The second phase (lines 13-20) generates partitions outside the innermost pipes, or between nodes that do not yet belong to any partitions. To direct the splits to be as computationally efficient as possible, we prioritize joins (i) between IO-bound ones, then those (ii) between an IO-bound and an IO-bound with calculation, and those (iii) between calculation -related, in that order. The last stage tries to merge (1) two neighboring partitions at the same time, which can reduce execution time even though merging one of them does not, and (2) all nodes at once, which can help ensure that our multi-partition solution is no worse than the single-partition solution.

Figure 3.1: Overall flow of the proposed multi-GPU mapping.

Communication-aware Mapping

This is because merging two partitions often reduces the total data transfer time (thus making the IO-bound ones compute-bound) thanks to the shared buffer between them.1 Also, to balance the partition sizes, we favor those partitions which are less workload.

GPU1 GPU2 GPU3 GPU4

GPU Performance Estimation Engine

Creating a GPU core requires the determination of several key parameters, including the number of calculation / data transfer threads and the number of executions per core. Even the same kernel code can show very different performance if, for example, a different number of threads is allocated. We use all eight applications evaluated in the previous work [7], where one can also find the description of the applications and the size parameter N.

After the partitions are assigned to GPUs and CUDA kernels are generated (one partition corresponds to one kernel), we compile and run them on the 4-GPU machine, and collect the actual runtime information of the CUDA kernels with using the Nvidia profiler. Only kernel execution time is included, excluding kernel boot time.) Thus, in actual measurements, all kernels of an application run together, while our performance estimation engine considers each partition separately. Apart from the number of GPUs, everything else is the same in the four cases. Partitioning results: First, the number of partitions generated for each application for different N values is shown on the x-axis of Figure 4.2.1. These numbers are almost always greater than or equal to those of the previous work [7],2 which is equal to This is not surprising, as we use a stricter set of criteria for merging.

Second, it is interesting that the increase in the number of partitions is not uniform across applications. Third, if we define the ratio of the number of cores as the number of partitions in our vs. But at least our 1-GPE performance is not necessarily inferior to that of previous work, as shown in Figure 4.3.

For desktop-bound applications, our multi-GPU mapping yields solutions that far outperform those of the previous work, regardless of the parameter N. Note that we do not claim these numbers as measured performance difference on the same GPU, but we provide them as our best estimate of the expected performance differences between the two algorithms. First, the multi-GPU code generated by the previous work is identical regardless of the target GPU, as long as the SM size is the same.

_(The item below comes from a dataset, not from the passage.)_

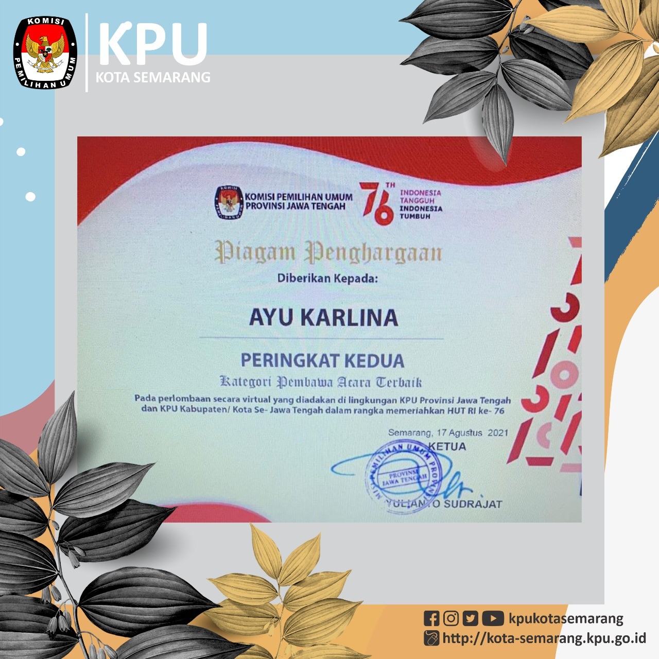 Semarang, https://kota-semarang.kpu.go.id Senin (16/8). KPU Kota Semarang mengikuti diskusi daring dengan tema“Strategi Pengembangan Sosialisasi dan Pendidikan Pemilih Melalui Digitalisasi Pemilu 2024" yang diselenggarakan oleh KPU Kabupaten Morowali Utara. Webinar diikuti oleh seluruh Ketua dan Anggota Divisi SDM, Sosdiklih KPU Kabupaten/Kota se Jawa Tengah, Provinsi Riau, dan Provinsi Sulawesi Tengah.

The preliminary results are shown in Table 5.1, in which we report the running time of the improved version versus the original version when Bitonic and FFT are mapped to 1 GPU. At the same time, finding a good partition of a stream graph is a challenge, partly due to the uncertainty in the subsequent mapping step. Although this is limited due to its greedy nature, it is alleviated somewhat by exploiting the structure of the stream graphs.

Our experimental results on a real hardware platform show that our technique can generate scalable performance for up to 4 GPUs, achieve 3.2x speedup on average for large stream graphs compared to 1-GPU mapping, and can generate mappings, which is far better than the state of the art for computer-bound applications. In Proceedings of the 7th Annual IEEE/ACM International Symposium on Code Generation and Optimization, CGO ’09, pages 210-220, Washington, DC, USA, 2009.